Calling Down Fire

  1. This is one of those stories that comes across as wrong. Why is Elijah calling down fire and killing fifty innocent men?
  2. God is just and carries out Elijah’s order.
  3. These are men who follow other gods. These men are sinners. Their leader is demanding of God’s prophet, as if they could control one submitted to God’s control.
  4. The one who humbles himself before Elijah and His God is the one who is saved. When God sees him humbling himself, God intervenes and stops Elijah, telling him to go with the captain.
  5. It would seem that maybe this is what it will be like with those called “the two witnesses” in Revelation 11. They speak and can bring plague, death. People will hate them and rejoice when they are finally killed.

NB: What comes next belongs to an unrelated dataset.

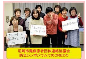
尼崎市難病患者団体連絡協議会 防災シンポジウムでのCREDO
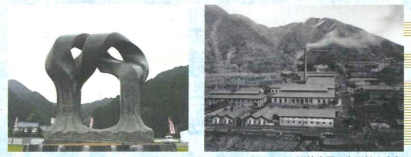
明治中期の生野鉱山本部

  6. They need to be careful to carry out God’s word with justice and holiness, but also love and goodness.
  7. We can speak the truth and be right, but it can bring destruction. I know two Christian women who don’t speak to each other because of a true word. Being right came before being loving and it caused death to the relationship and in their hearts.
  8. Paul tells us to speak the truth in love to build each other up. We’re to speak only what is useful for edification, to impart grace to the hearer.
  9. While I enjoy saying into the phone when I answer a spamming computer call, “May the Lord judge you according to your deeds,” I should pray for my enemies in a different way.
  10. God desires that all might be saved and come to repentance. We should seek their life, not death.
  11. The disciples ask Jesus if they should call down fire on the town that didn’t welcome Him, Jesus rebukes them.
  12. Can you hope for the good for everyone?
  13. Can you pray prayers of forgiveness and healing and restoration and life and peace and prosperity and life in Christ for those who persecute you, who aggravate you, who have come against you, who just don’t like you?